Do we really need that implementation having the Serialize trait from Serde??

serde_json::to_string(&MigrationPhase::Backfill).unwrap()

isn't this much heavier than just implementing Display?

tipogi · 2025-01-02T16:58:55Z

src/db/migrations/manager.rs

+    }
+
+    pub async fn new_migration(name: &str) -> Result<(), DynError> {
+        let migration_name = format!("{}{}", name, Utc::now().timestamp());


we could calculate once and add to the names the timestamp, instead of generate twice

tipogi · 2025-01-02T17:00:33Z

src/db/migrations/manager.rs

+    pub async fn new_migration(name: &str) -> Result<(), DynError> {
+        let migration_name = format!("{}{}", name, Utc::now().timestamp());
+        let migration_file_name = format!("{}_{}", to_snake_case(name), Utc::now().timestamp());
+        let migration_template = get_migration_template(migration_name.as_str());


we could use the reference & instead of as_str()

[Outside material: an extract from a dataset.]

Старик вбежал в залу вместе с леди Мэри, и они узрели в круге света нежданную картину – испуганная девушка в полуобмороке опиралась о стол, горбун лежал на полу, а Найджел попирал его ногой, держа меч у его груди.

I don't think there's any difference at all. I took the convention to use .as_str() as it's much cleaner IMO.

tipogi · 2025-01-02T17:03:31Z

src/db/migrations/manager.rs

+        let migration_template = get_migration_template(migration_name.as_str());
+        let file_path = format!(
+            "src/db/migrations/migrations_list/{}.rs",
+            migration_file_name.as_str()


no need for as_str() because the String already implements Deref trait

I want to use the same string again. So instead of cloning it, I burrowed it here.

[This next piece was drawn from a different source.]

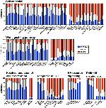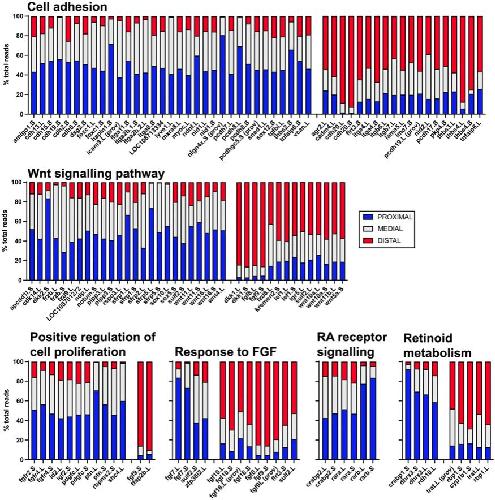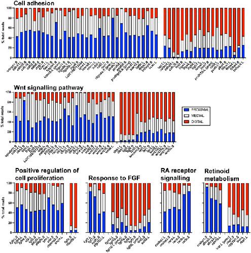 Figure 5. Relative distribution of read counts for genes in differentially expressed gene ontology gene sets for cell adhesion, Wnt signaling pathway, positive regulation of cell population proliferation, response to fibroblast growth factor, retinoic acid receptor signaling, and retinoid metabolism. Stacked graphs show the percentage of proximal reads is in blue, medial reads in grey, and distal in red. Genes with statistically more reads in distal than proximal are on the left and those more proximal on the right, and are ordered alphabetically within each group. |

tipogi · 2025-01-02T17:04:53Z

src/db/migrations/manager.rs

+            "src/db/migrations/migrations_list/{}.rs",
+            migration_file_name.as_str()
+        );
+        tokio::fs::write(file_path.clone(), migration_template).await?;


Maybe throw more customised error:

.map_err(|e| format!("Failed to write migration file at {}: {}", file_path, e))?;

tipogi · 2025-01-02T17:10:05Z

src/db/migrations/manager.rs

+        let mut mod_file = tokio::fs::OpenOptions::new()
+            .append(true)
+            .open(mod_file_path)
+            .await?;
+        tokio::io::AsyncWriteExt::write_all(&mut mod_file, mod_file_content.as_bytes()).await?;


Another option is to do in that way and also throw some errors meanwhile:

OpenOptions::new() .append(true) .open(mod_file_path) .await .map_err(|e| format!("Failed to open mod.rs at {}: {}", mod_file_path, e))? .write_all(mod_file_content.as_bytes()) .await .map_err(|e| format!("Failed to write to mod.rs at {}: {}", mod_file_path, e))?;

Here if the File (which is the return type of open) implements the tokio::io::AsyncWriteExt trait, we could chain it all the operation in one

I don't think this improves the readability at all either.

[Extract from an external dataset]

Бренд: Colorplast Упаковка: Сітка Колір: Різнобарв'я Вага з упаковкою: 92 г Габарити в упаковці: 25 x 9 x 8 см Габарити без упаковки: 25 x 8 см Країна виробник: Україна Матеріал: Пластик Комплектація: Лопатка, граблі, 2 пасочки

tipogi · 2025-01-02T17:25:36Z

src/db/migrations/manager.rs

+}
+
+pub struct MigrationManager {
+    graph: Arc<Mutex<Graph>>,


is it some reason to not use already the helpers functions instead of have a graph instance:

exec_single_row

retrieve_from_graph
Like this we will not need to create more boilerplate code. I think with that two functions would be enough. Also with default trait would be enough for MigrationManager

We don't know what's gonna be the required functions to run inside a migration. Most frequently, you're gonna want to start transactions and commit them when you're done so migrations should have total freedom.

I do not see the sense to keep repeating code. We will see if it is useful to do it in that way in the future...

tipogi · 2025-01-02T17:28:48Z

src/db/migrations/manager.rs

+        let stored_migrations = self.get_migrations().await?;
+        // update any migration marked as ready for backfill
+        for stored_migration in &stored_migrations {
+            if config
+                .migrations_backfill_ready
+                .contains(&stored_migration.id)
+            {
+                self.update_migration_phase(&stored_migration.id, &MigrationPhase::Backfill)
+                    .await?;
+            }
+        }
+
+        // get all migrations from the database
+        let stored_migrations = self.get_migrations().await?;


could not be better to edit the migration instance instead of calling again to the database to get the migration?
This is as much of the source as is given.